Honestly this looks overly verbose to me, a common LLM problem. The mistakes others cite, are also pretty concerning.

https://adr.github.io/

_a_a_a_ · 2 years ago
Good point, completely agree and interesting link, thanks
paxys · 2 years ago
The entire point of a Wiki is that it can be collaboratively edited. This is static documentation, just with a Wikipedia-like UI.
oshams · 2 years ago
Would this be your top request? We're thinking of adding that functionality.
loktarogar · 2 years ago
Regardless if it's a wiki or not right now, documentation that is wrong and cannot be fixed is worthless
hobo_mark · 2 years ago
Not the op but I don't think it's a request, it's semantics. You are calling wiki something that is really not a wiki, because wikis are editable.
bbor · 2 years ago
Consider leaning into “wiki” features fully so you don’t have to lose your name, and adding an edit button isn’t gonna be enough for most people IMO. As you can probably tell from these unusually hostile comments for HN (I think someone above even swore!), people are understandably protective of the wiki movement. It’s a bright, persistent star in a darkening internet, so seeing people use it to make money can be tough.

For example: what if instead of one document creator bot, you had an ensemble of personas that act out the motions of wiki editing - many diverse sources submitting small edits, experts reviewing edits before inclusion, etc. Basically just turning the simple 1-step citation verification you mentioned in another comment into a complex stage play of sorts, both for the sake of the bots (would probably cut down on hallucinations to follow Wikipedia procedures) and the humans (what’s the point of a verification tool that you can’t follow along with and meta-verify?). This also solves the edit problem, since humans can follow the same procedure and get the same automated reviews.

It wouldnt hurt to go open source, either! Either way cool project, Godspeed.

paxys · 2 years ago
I haven't used it enough to know if the two models can feasibly coexist. It may be better to just name it more accurately. There will be immense demand for an "automatic documentation generator". A wiki, not quite as much.
dormento · 2 years ago
And its wrong! Its not difficult to find whole paragraphs that were entirely made up. LLMs are not fit for this sort of thing.
CGamesPlay · 2 years ago
I'd love to see the wiki generated for a less already-documented example. These high-profile projects are good demos and the results look compelling (I checked out AutoGPT's and NeoVim's), but these projects already have a ton of documentation that helps the model substantially. What are the smaller projects where it has to generate documentation from code (and not necessarily well-commented code) rather than existing documentation?
oshams · 2 years ago
Great point! Here's an example of an obscurer repo with a good wiki: https://wiki.mutable.ai/dadongshangu/async_FIFO
CGamesPlay · 2 years ago
Impressive. I would be interested in this once it hits general availability. I would also love to see it operate on a local repository, because I may not be hosting my source code on Github.
TheEzEzz · 2 years ago
Super cool. When I think about accelerating teams while maintaining quality/culture, I think about the adage "if you want someone to do something, make it easy."

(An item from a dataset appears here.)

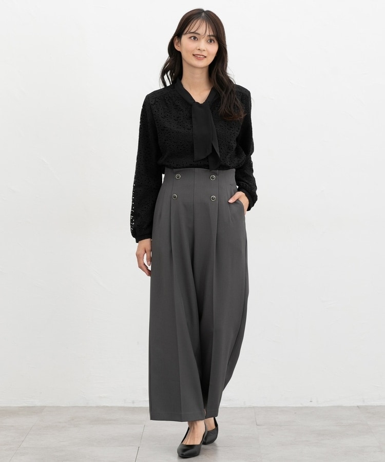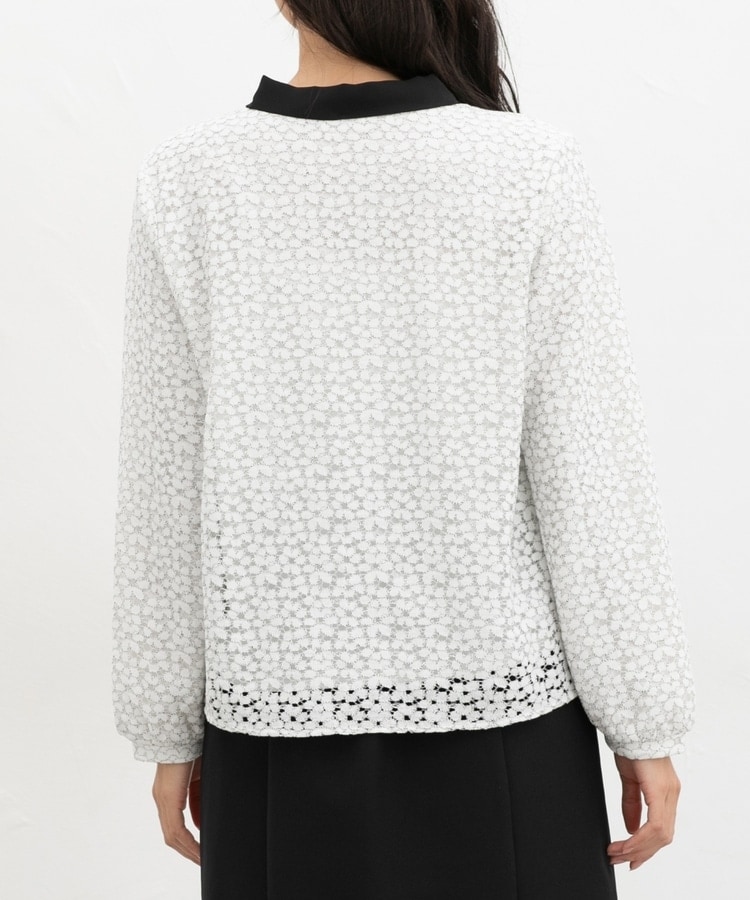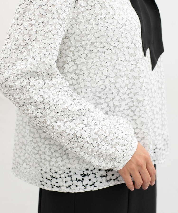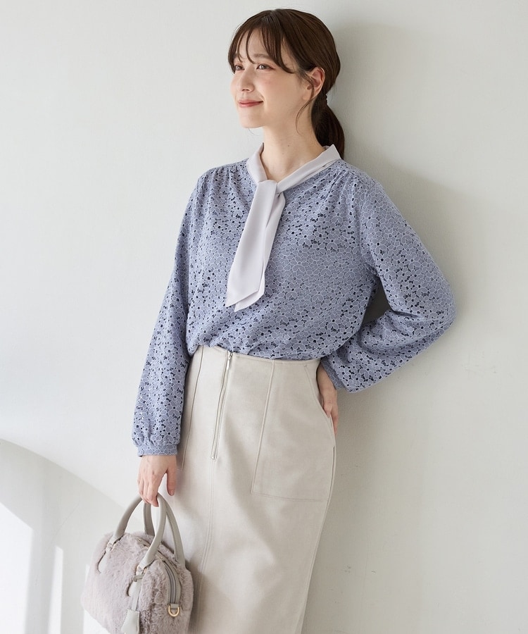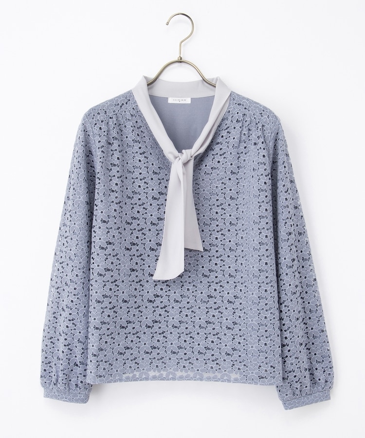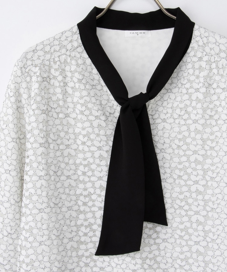 繊細な花柄レースとボウタイが華やかな、1枚で着映えするデザイン。

Maintaining great READMEs, documentation, onboarding docs, etc, is a lot of work. If Auto Wiki can make this substantially easier, then I think it could flip the calculus and make it much more common for teams to invest in these artifacts. Especially for the millions of internal, unloved repos that actually hold an org together.

oshams · 2 years ago
Thank you! We like the analogy of dehydrating knowledge that can be used (hydrated) later. Beyond even unloved repos, we'd even argue broader organizational knowledge that seems to have been lost to history like Roman Concrete or how to precisely build the Saturn V could potentially be "stored" using AI.
Amigo5862 · 2 years ago
The only thing I see that this adds over existing docs-to-HTML tooling is that it uses a wikipedia-inspired theme.

Meanwhile on the negative side, it adds hallucinations. You say you "cut back" on them but as teraflop's comment shows, it still has plenty.

BTW: even the Mastodon link from your OP says "wiki not found" for me.